Some old documents and letters in the archives of the Leiden Herbarium throw a peculiar light on this plant collector. In June 1836 (evidently when on leave) Kollmann offered for sale to the Dutch Government a large collection (about 4200 species in numerous specimens + Hepaticae, Musci, and lichens) of dried plants. As no decision came off, Blume had them sent from Amsterdam to Leiden at his own expense. A first inspection brought a great surprise as it seemed hardly without doubt that among the plants were numerous specimens collected by Blume himself and by Zipelius. Blume took care to open the other cases in the presence of two witnesses (one of which E.A. Forsten) on Febr. 10, 1837. It was verified that only a very small part (about one tenth) of the collection was collected by Kollmann himself in the vicinity of Buitenzorg and in the Botanic Garden, most of these species being common stuff. The bulk partly consisted of plants collected by Blume, evidently the duplicates left by the latter at Buitenzorg when leaving Java in 1826, and besides part of the tatter’s collection which had mysteriously disappeared before his departure. The other part were plants collected by Zipelius of which no set as yet was in the Leiden Herbarium, though a written catalogue of it was present there A complete set and numerous duplicates of these were included in the collection Kollmann offered for sale, mostly with Zipelius’s original labels. As evidence, several of the labels, written in Blume’s, Kent’s (Blume’s Curator) and Zipelius’s handwriting, are attached to the proces verbal made up by the witnesses.

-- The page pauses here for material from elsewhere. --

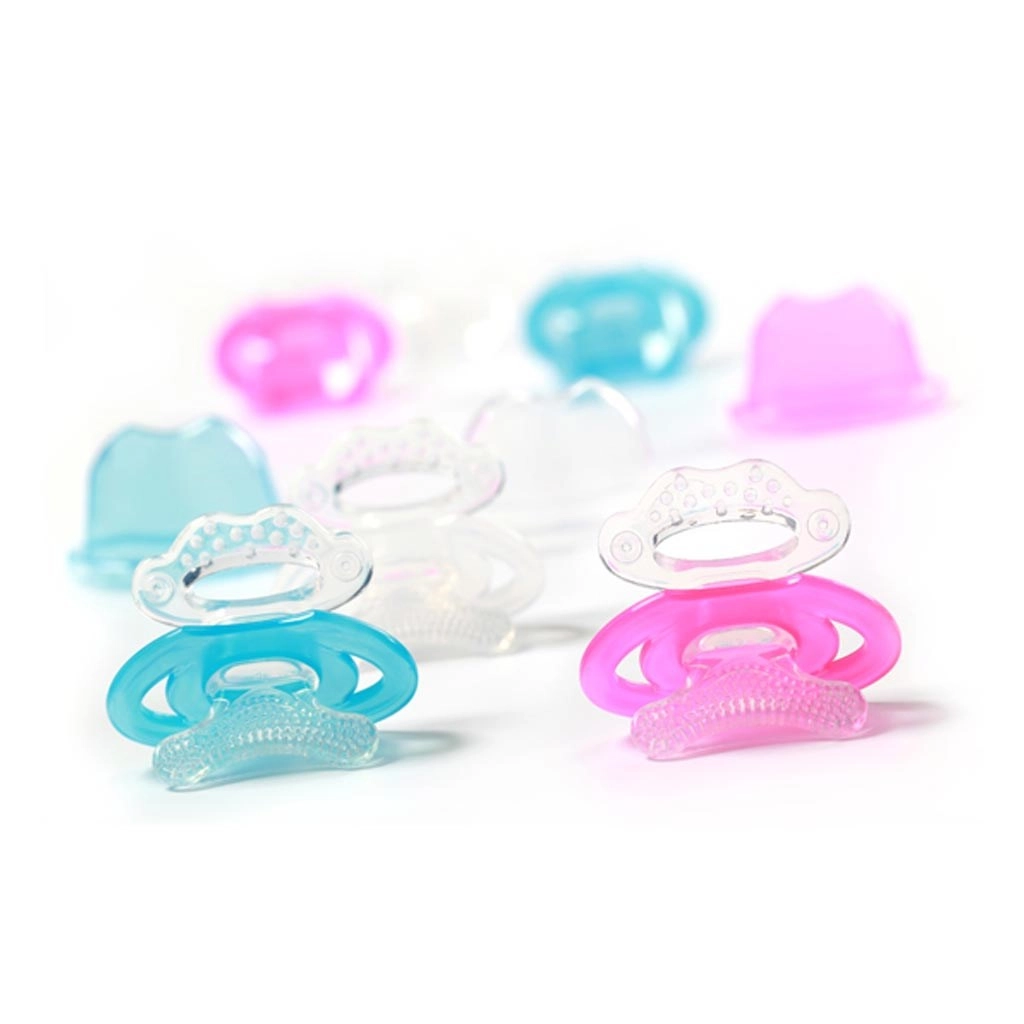 Pre ešte väčšiu úľavu možno hryzátko chladiť v chladničke. Špeciálna konštrukcia umožňuje naniesť upokojujúci gél na ďasná, ktorý sa vďaka štruktúre rovnomerne rozotrie. Materiál je bez BPA a ľahko sa udržiava v čistote.

As Blume rightly considered that part of the collection as defalcated government property, he held back all those specimens and sent the remaining tenth back to Germany, where some friends of Kollmann, after his return to the Indies in 1836, had offered their intermediary in case the Dutch Government was not willing to buy. As the first offer was made to Holland, and only about one tenth of the plants were returned to Germany, it is probable that the Kollmann plants found in other herbaria are those common plants collected by K. himself. It is still unknown how and when Blume’s plants etc. came into Kollmann’s possession.4

Mr Alston found a fern labelled ‘Java Kollmann’ in Herb. Paris [P]: the specimen had been sent by Kunze to Bory.

 

literature:

(1) cf. Anz. Munch. Gelehrt. 31, 1850, p. 726; Flora N.R. 9, 1851, p. 7; and Hook. Lord. Journ. Bot. & Kew Gard. Misc. 3, 1851, p. 71.

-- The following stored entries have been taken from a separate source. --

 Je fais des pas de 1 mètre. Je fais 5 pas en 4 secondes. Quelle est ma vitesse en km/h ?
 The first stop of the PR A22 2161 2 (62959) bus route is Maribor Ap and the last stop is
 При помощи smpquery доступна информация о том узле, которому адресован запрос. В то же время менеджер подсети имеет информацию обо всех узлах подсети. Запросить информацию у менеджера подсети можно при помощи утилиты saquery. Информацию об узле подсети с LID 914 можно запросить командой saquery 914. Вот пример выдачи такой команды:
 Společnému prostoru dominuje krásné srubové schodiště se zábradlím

(2) cf. ‘History of the Collections of the British Museum’ 1, 1904, p. 105.

(3) cf. ‘Monographie der Myristicaceen’ (Nov. Act. Acad. Naturforsch. 68, 1897, p. 640).

(4) More detailed data in M.J. van Steenis -Kruseman: ‘Kollmann’s collection of Javan plants’ (MS. to be published in Bull. Bot. Gard. Buit. 3rd ser., vol. 18).